# REQUIRED WORK:
In the material below, the lines between the one holding "En l’absence de" and the one holding "断端に接するライナー内面の素", inclusive, are to be set down word for word. Pictures stay out.

# DATA FOR REVIEW:
──────
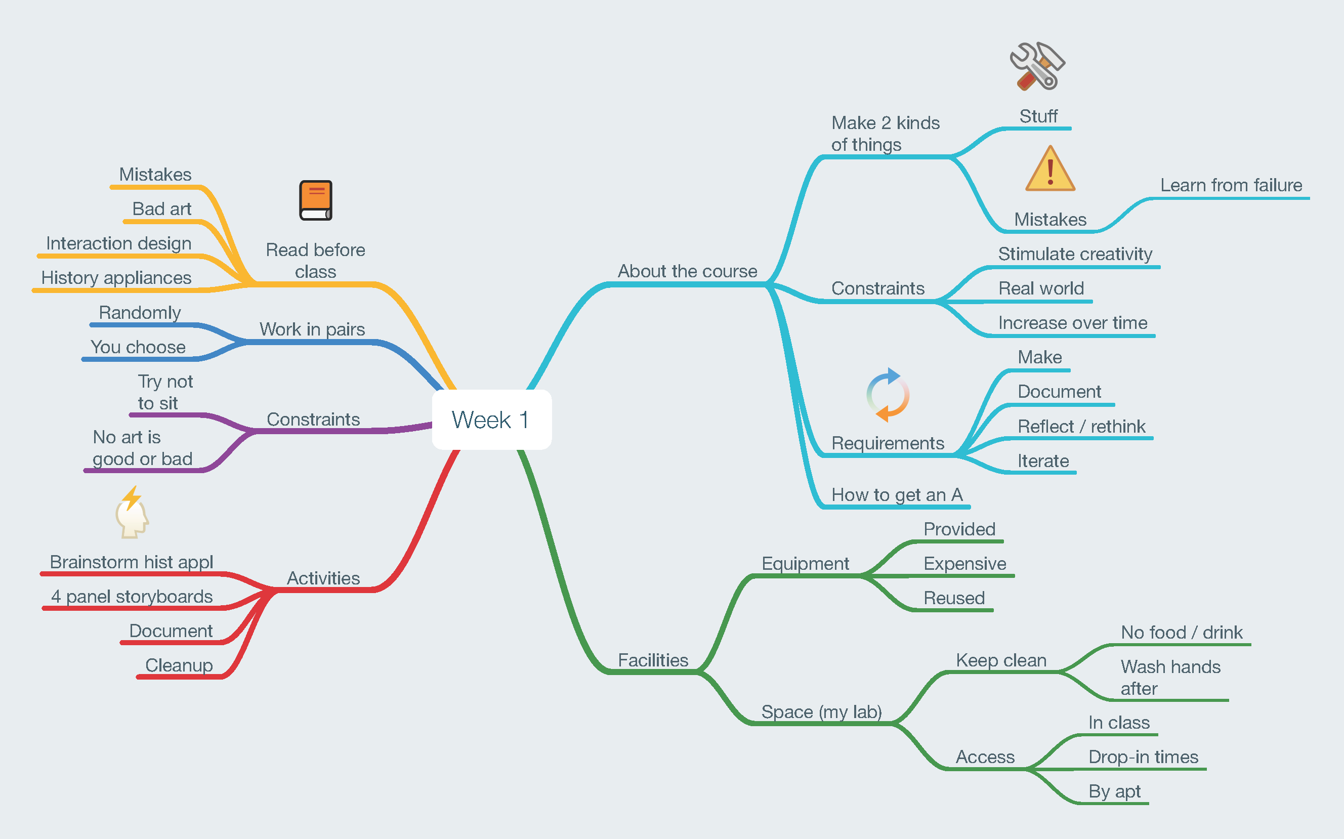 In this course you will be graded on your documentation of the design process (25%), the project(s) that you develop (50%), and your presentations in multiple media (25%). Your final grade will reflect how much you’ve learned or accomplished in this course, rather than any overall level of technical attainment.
──────
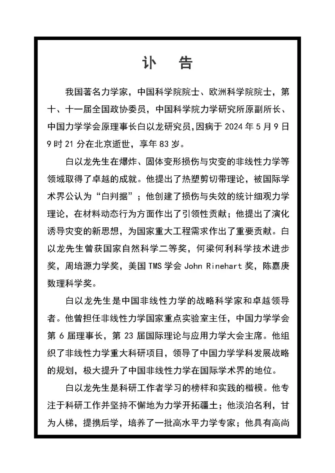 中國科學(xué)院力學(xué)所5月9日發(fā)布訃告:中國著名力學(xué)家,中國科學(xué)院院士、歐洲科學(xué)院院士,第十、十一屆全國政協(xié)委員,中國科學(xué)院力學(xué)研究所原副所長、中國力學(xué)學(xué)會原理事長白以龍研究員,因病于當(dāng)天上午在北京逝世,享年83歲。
──────
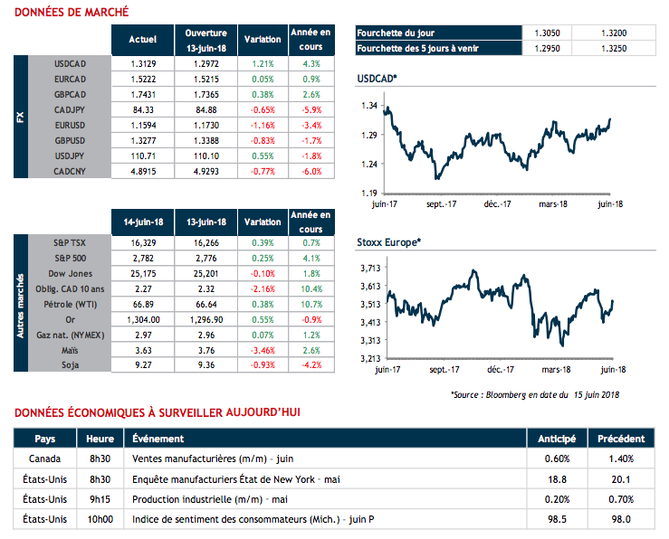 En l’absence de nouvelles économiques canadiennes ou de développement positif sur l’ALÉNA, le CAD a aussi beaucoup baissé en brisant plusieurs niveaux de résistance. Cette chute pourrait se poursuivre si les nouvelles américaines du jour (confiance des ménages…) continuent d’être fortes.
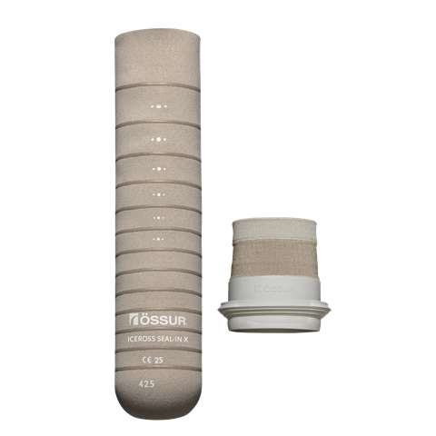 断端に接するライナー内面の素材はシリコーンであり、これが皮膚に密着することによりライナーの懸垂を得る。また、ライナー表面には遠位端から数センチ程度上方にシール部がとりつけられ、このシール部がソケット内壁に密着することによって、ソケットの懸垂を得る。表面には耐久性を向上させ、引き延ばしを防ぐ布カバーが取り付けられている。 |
──────
# RESULT OF THE EXERCISE:
 En l’absence de nouvelles économiques canadiennes ou de développement positif sur l’ALÉNA, le CAD a aussi beaucoup baissé en brisant plusieurs niveaux de résistance. Cette chute pourrait se poursuivre si les nouvelles américaines du jour (confiance des ménages…) continuent d’être fortes.
 断端に接するライナー内面の素材はシリコーンであり、これが皮膚に密着することによりライナーの懸垂を得る。また、ライナー表面には遠位端から数センチ程度上方にシール部がとりつけられ、このシール部がソケット内壁に密着することによって、ソケットの懸垂を得る。表面には耐久性を向上させ、引き延ばしを防ぐ布カバーが取り付けられている。 |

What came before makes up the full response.